The best practices in corporate governance recommended by the Brazilian Corporate Governance Institute (IBGC, acronym in Portuguese) that we adopt include the following:

  • Our capital is exclusively divided into common shares;
  • All shareholders have the right to sell their stake at the same terms and conditions as would apply to majority shareholders (tag-along rights);
  • A tender offer for all shares outstanding at the current market price, at least, in the event of going private or having our stock delisted from the New Market;
  • The board of directors must have at least five (5) members, with terms of up to two (2) years, and reelections must be allowed;
  • At least twenty percent (20%) of members must be independent directors;
  • Our disclosures are improved and added to our quarterly financial report (QFR) – a document that must be submitted by listed corporations to the Brazilian Securities and Exchange Commission (CVM, acronym in Portuguese) and the São Paulo Stock Exchange –, which is publicly available and contains our quarterly financial information, including our consolidated financial and cash flow statements;
  • Our fiscal-year disclosures are improved and added to our standard financial statements – documents that must be submitted by listed corporations to the Brazilian Securities and Exchange Commission and the São Paulo Stock Exchange –, which are publicly available and contain our annual financial reports, including our cash flow statement;
  • Our financial statements are disclosed according to the international financial reporting standards (IFRS) or the United States generally accepted accounting principles (US GAAP);
  • Our disclosures include the initial statement of beneficial ownership of securities (FR, acronym in Portuguese) – a document that must be periodically submitted by listed corporations to the Brazilian Securities and Exchange Commission and the São Paulo Stock Exchange –, which is publicly available and contains our corporate information, including the amount and characteristics of the securities that we issued and that are currently owned by groups of majority shareholders, directors, officers, and members of the supervisory board, as well as the evolution of such positions;
  • Public meetings are held with analysts and investors at least once a year;
  • An annual calendar containing a schedule of corporate events, such as meetings, disclosures and so forth, is presented;
  • The terms and conditions of agreements between Porto Seguro and associated counterparties are disclosed;
  • The trading of the securities and derivatives our majority shareholders issued is disclosed on a monthly basis;
  • At last twenty-five percent (25%) of our capital remains as shares outstanding;
  • During general public distributions, mechanisms that favor capital dispersion are adopted;
  • We join the market arbitral tribunal to solve corporate disputes.

TRADING AT BOVESPA

Any transactions at the São Paulo Stock Exchange are settled within three (3) business days of the trade date without any inflation adjustments.

Shares are delivered and payments are made by using the Brazilian Clearing and Depository Corporation (CBLC, acronym in Portuguese), the São Paulo Stock Exchange's clearinghouse.
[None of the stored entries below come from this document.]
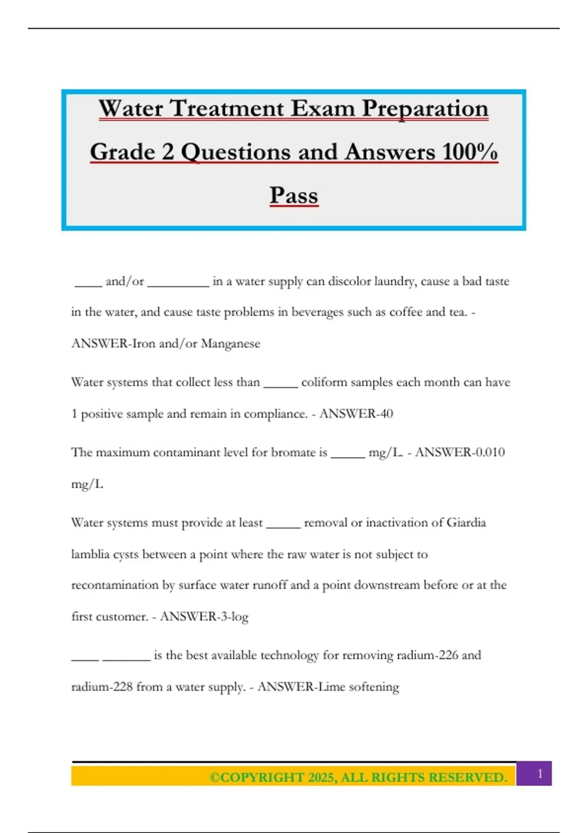 Water Treatment Exam Preparation Grade 2 Questions and Answers 100% Pass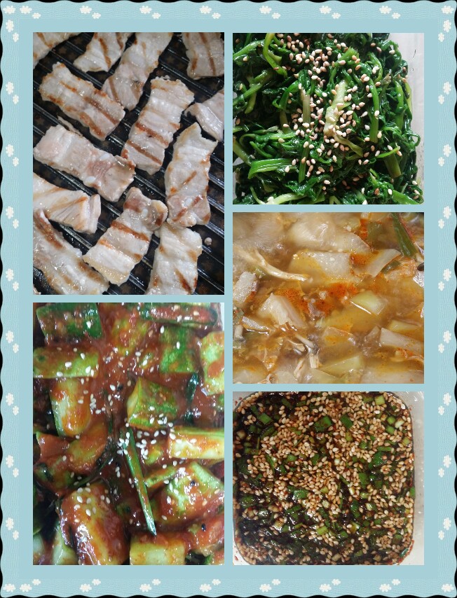 고소한 삼겹이에 오이깍두기, 미나리무침~~ 맛나맛나~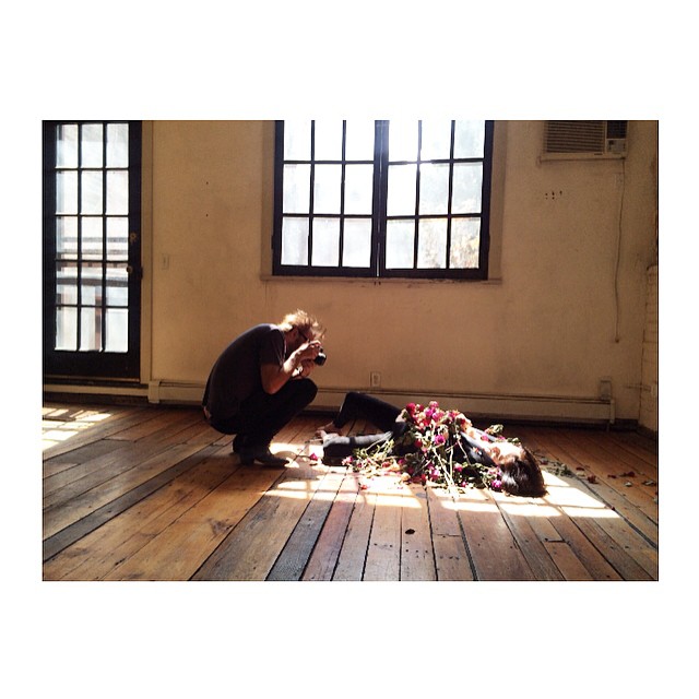 "mallorypassuite spring sunlight and a dozen dead roses #behindthescenes @johanlindeberg and @iosonomariacarlaboscono at work in #williamsburg this week #blkdnm #mariacarlaboscono #johanlindeberg"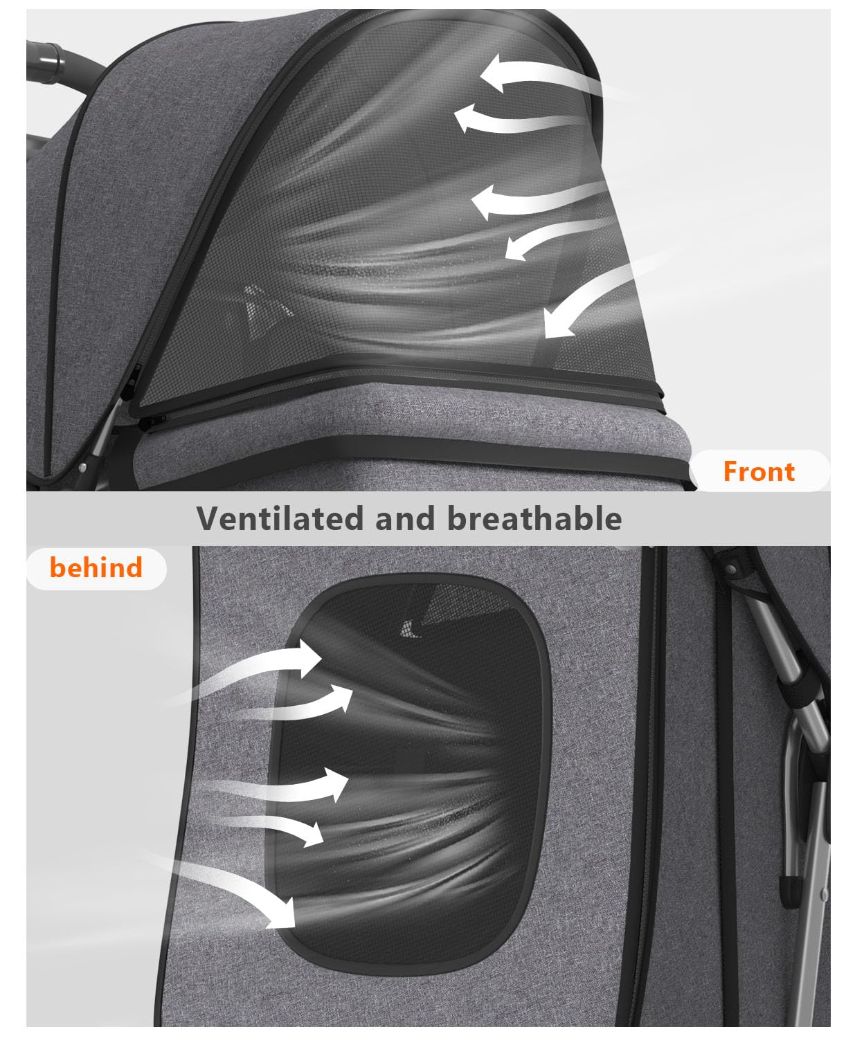 Superior Braking System – The 2 rear wheels of our pet stroller are geared up with brake safety units, so you’ll be able to park your stroller safely and securely even on inclined surfaces.

Usually, it falls to the seller to deliver the shares to the São Paulo Stock Exchange on the second (2nd) business day after the trade date.

Even though all outstanding shares of a publicly-held corporation can be traded at the São Paulo Stock Exchange, most times less than half of issued shares is actually available for trading by the public. Oftentimes, most shares are owned by a single majority shareholder or a small group of people with a controlling interest, including government bodies. Sometimes, there may not be an active and liquid market for shares, which would limit the investors' ability to resell their shares.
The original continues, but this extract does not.